John Bil pointed out that flavor is more important that “local” eating to most people and that frozen food has a weird perception by the public. I agree with these points wholeheartedly. Indeed, I made a statement to the dais group of how flavor is what restaurant patrons are looking for and to that end, there are some obstacles to ordering “trash fish” or “bi-catch”. When people go out, every occasion is not “fancy”. Not every place you go to has fresh fish. Unfortunately, menus with more descriptive copy are currently out of fashion — which I decry! Restaurant chefs don’t usually grill up an unfamiliar fish for “family dinner” before service for the servers to taste the obscure protein. (Cheaper dinners are the norm.) So, what can be done to let the buyer know what he’s getting? My observations were met with stony silence. A few minutes later, I heard a chef mutter that he didn’t have to tell people what a fish tasted like. It was disheartening.
There were also disagreements between those on the panel with MSC (Marine Steward Council) certification. It’s kind of like organic certification: there are a lot of politics involved and the evaluation points don’t cover all the things with which a consumer should be concerned. One grocer proclaimed that he “won’t let an organization tell (him) what he can and can’t sell.” He was eager to sell heritage fish.

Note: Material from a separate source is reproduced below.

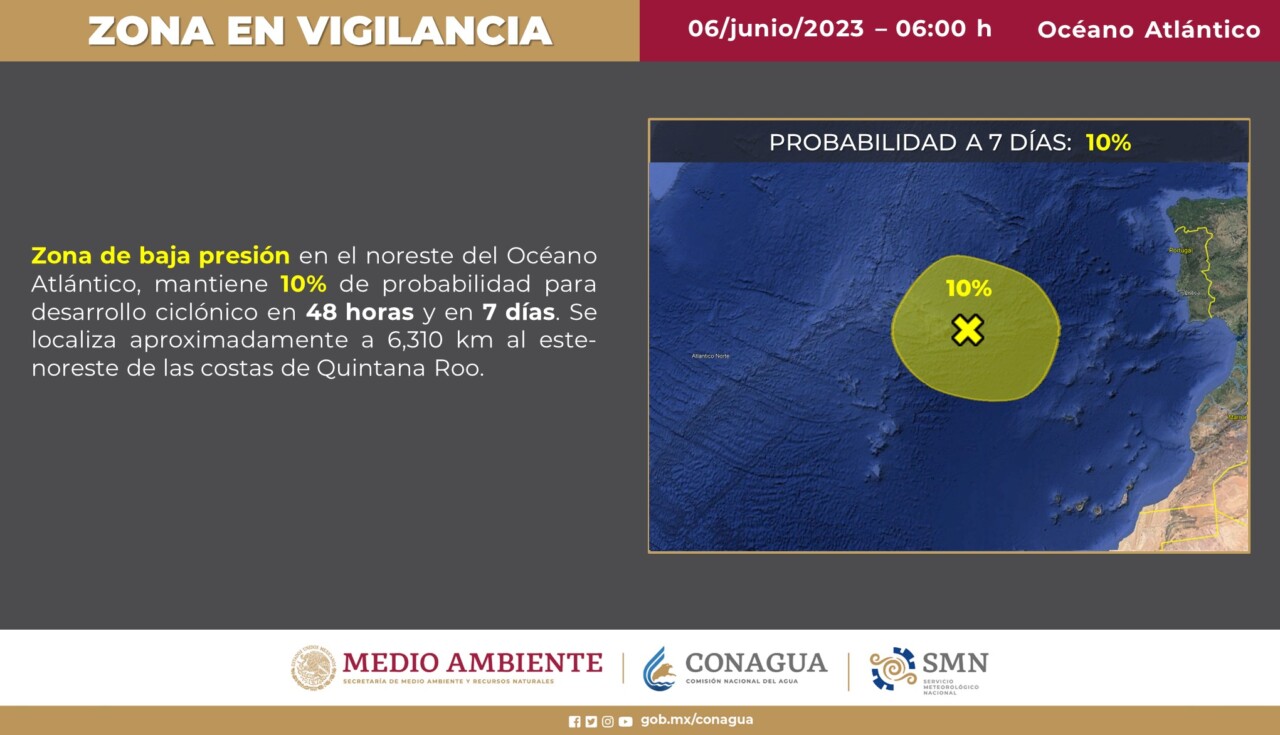 Pronóstico del clima para hoy martes 6 de junio 2023 en Quintana Roo.- Este día, un canal de baja presión se extenderá sobre la Mesa del Norte, la Mesa Central y el sureste de México, en interacción con inestabilidad en la atmósfera superior y con el ingreso de humedad del Océano Pacífico, Golfo de México y Mar Caribe, originarán lluvias puntuales muy fuertes en Chiapas, Tabasco, Campeche, Yucatán y Quintana Roo; así como chubascos y lluvias fuertes en el norte, noreste, oriente, occidente, centro, sur y sureste del país, incluidos el Valle de México y la Península de Yucatán.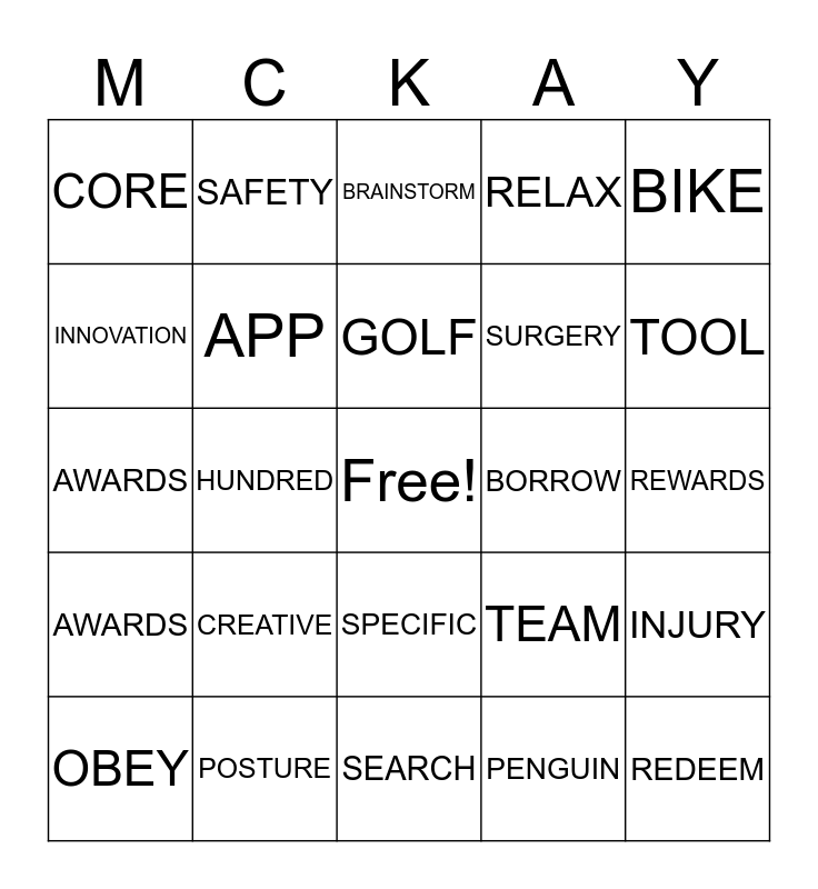 This bingo card has a free space and 24 words: CREATIVE, POSTURE, GOLF, OBEY, BIKE, CORE, INNOVATION, SAFETY, BORROW, SPECIFIC, SURGERY, AWARDS, TEAM, INJURY, APP, PENGUIN, REWARDS, BRAINSTORM, TOOL, HUNDRED, REDEEM, AWARDS, RELAX and SEARCH.

No Canadian fish gets fed hormones, so that’s something to keep in mind! The panel noted that the US doesn’t have the standards in place yet to have organic fish.

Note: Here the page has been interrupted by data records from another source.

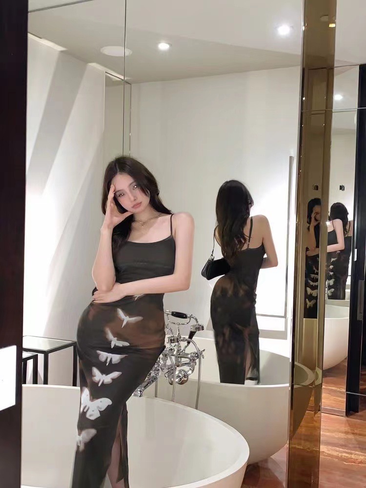 Product information: Color: long [974#], short [977#]#] Sleeve type: Princess sleeves Main fabric composition: PVC Size: S,M,L,XL,2XL Style type: artistic retro Skirt length: long skirt Skirt Category: Dress Style: One-Step skirt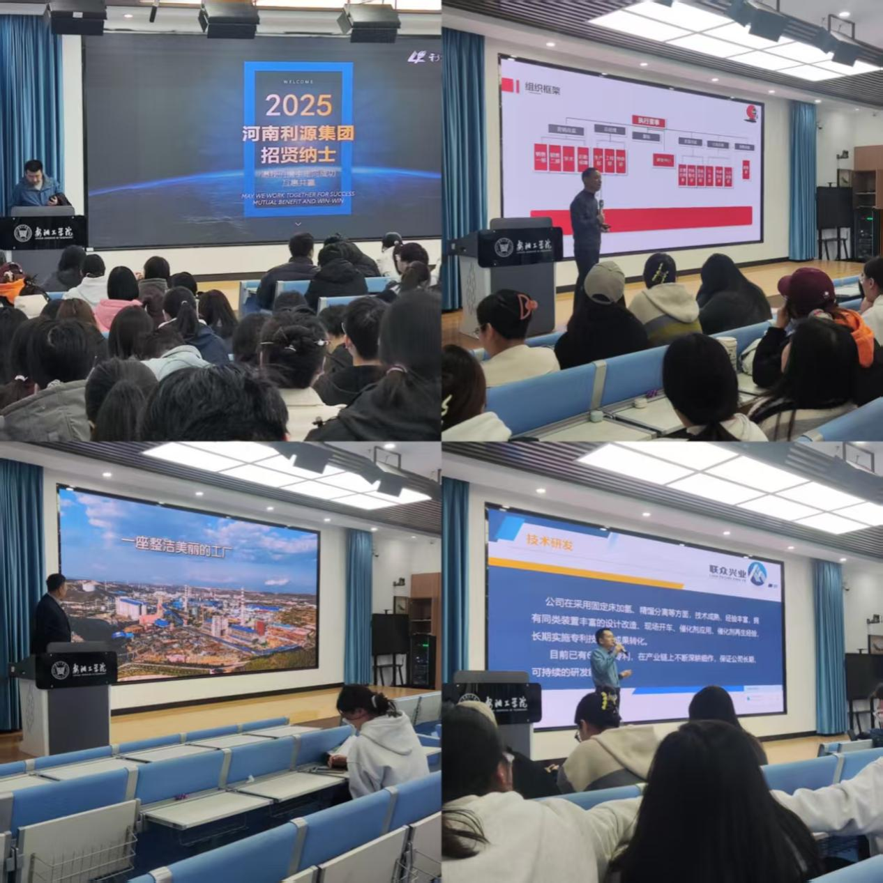 宣讲会上,各企业通过行业趋势解读、岗位需求分析、职业发展路径规划等内容,为学生提供全方位就业指导。利源集团以新能源领域技术研发岗位为核心,展示了“技术+管理”双通道晋升机制;启新药业围绕生物医药产业创新需求,强调跨学科人才培养的重要性;濮阳联众兴业化工有限公司与顺成集团则结合化工行业特点,详细介绍了安全生产、技术创新等岗位的任职要求。毕业生就实习机会、薪资待遇等问题与企业代表展开热烈交流。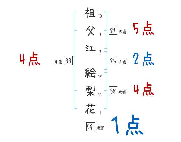 祖父江絵梨花さんの画数の鑑定結果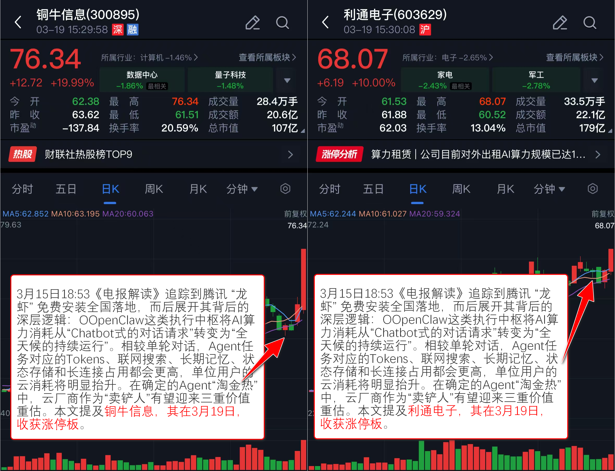 3月15日18:53《电报解读》追踪到腾讯 “龙虾” 免费安装全国落地,而后展开其背后的深层逻辑:OOpenClaw这类执行中枢将AI算力消耗从“Chatbot式的对话请求”转变为“全天候的持续运行”。相较单轮对话,Agent任务对应的Tokens、联网搜索、长期记忆、状态存储和长连接占用都会更高,单位用户的云消耗将明显抬升。在确定的Agent“淘金热”中,云厂商作为“卖铲人”有望迎来三重价值重估。本文提及利通电子、铜牛信息,其在3月19日,纷纷收获涨停板。

Several of the panelists righteously proclaimed that we the consumers need to be willing to spend 3 times as much on our food to support fishermen and farmers, which I’d say was tone-deaf. People struggle to put food on the table for their families! It’s not that they don’t want to eat well, but a box of something starchy is cheaper and more filling than some delicate fish that has to be handled with expertise. The panelists were firm in wanting to convey to the public, “stop asking for bargains”.

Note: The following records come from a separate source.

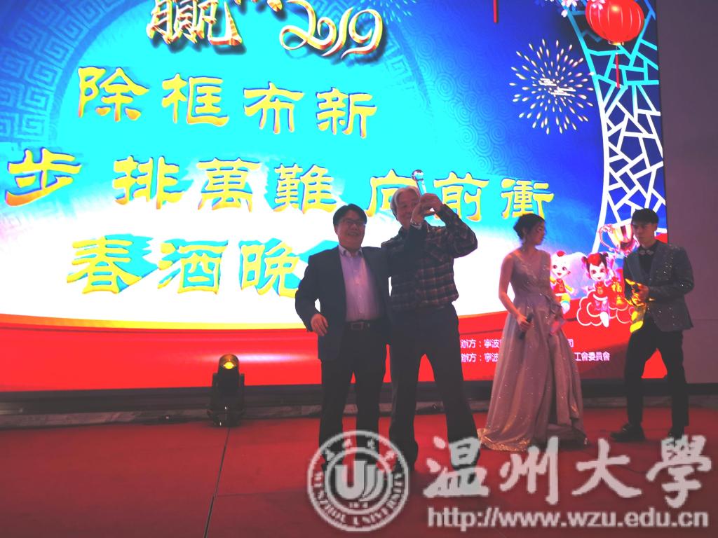 当晚还受邀参加该企业《迎战2019除框布新,迈大步,排万难,向前冲》春酒晚会,周宏明院长致辞并代表学院赠送“TSE”教育基金纪念奖杯。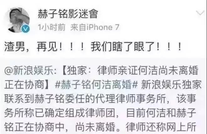 可以说赫子铭当时相当的惨了,所有舆论一边倒,都是向着何洁的,自己一点优势都没有。加上自己知名度也不如何洁高,所以两人撕X的前期,几乎都是何洁单方面碾压赫子铭。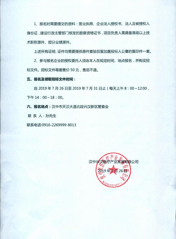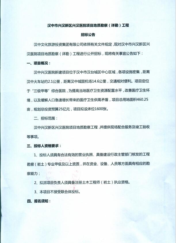漢中文化旅游投資集團有限公司依照有關文件規定,現對漢中市興漢新區興漢醫院項目地質勘察(詳勘)工程進行公開招標,現將有關事宜公告如下: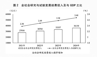 (三)深入实施创新驱动发展战略,创新引领作用进一步发挥。加快健全支持全面创新的基础制度,科技成果加速向现实生产力转化。全员劳动生产率17.4万元/人、实际增长4.9%,全社会研究与试验发展(R&D)经费投入3.6万亿元、实际增长8%,基础研究经费投入占研发经费投入比重为6.91%,每万人口高价值发明专利拥有量达到14件。(见图2)

There was a sudden moratorium on cod fishing in Canada beginning in 1992. Before, the price per pound was ridiculously low when cod was plentiful, but then it got over-fished too quickly for stock to replenish. The thought with the moratorium was that the cod would come back to the teeming numbers that brought Europeans over to North America starting 1,000 years ago with the Vikings. It didn’t happen.
Every fishing boat on the water equals 10 jobs in a community.
Each Canadian province has regulatory power over processing.
There are lots of not-good infrastructure at the points of harvest in Canada to get produce and fish to local restaurants, partly due to distribution policy and costs. Also, labor costs can be high. As a result, fishermen routinely send fresh fish to Asia to be processed and sent back. Even if labor costs came down, there’s the question if the roads would allow quick, local processing and distribution.
There is lots of seafood fraud in the market. Traceability is key.
Journalist Marie Claude Lortie had been a poli sci major, just as I was in college. She, too, got into food writing. When one time she had to review a “hip, young” seafood restaurant, the experience jolted her. The restaurant was serving lots of endangered fish and the servers had no idea where the fish came from. Her review was withering. The chef retaliated with nasty t-shirts featuring her picture. She declared that she “does not want to leave (her) brain at the door.” She wittily remarked, “What, do they want me to write reviews of restaurants serving white tiger, panda and say, ‘Mmm . . . chewy!’?”
North Americans eat 2/3 of their fish outside the home. Chefs on the dais were wondering why, musing that perhaps it’s because fish are stinky. I say that even with the common advice of looking for clear eyes, gills, a non-fishy smell, etc., it’s hard for people to pick out a good fish. Also, there’s no wiggle room for shopping and eating: unlike beef, if you get invited out that night, goodbye Mr. Fishy.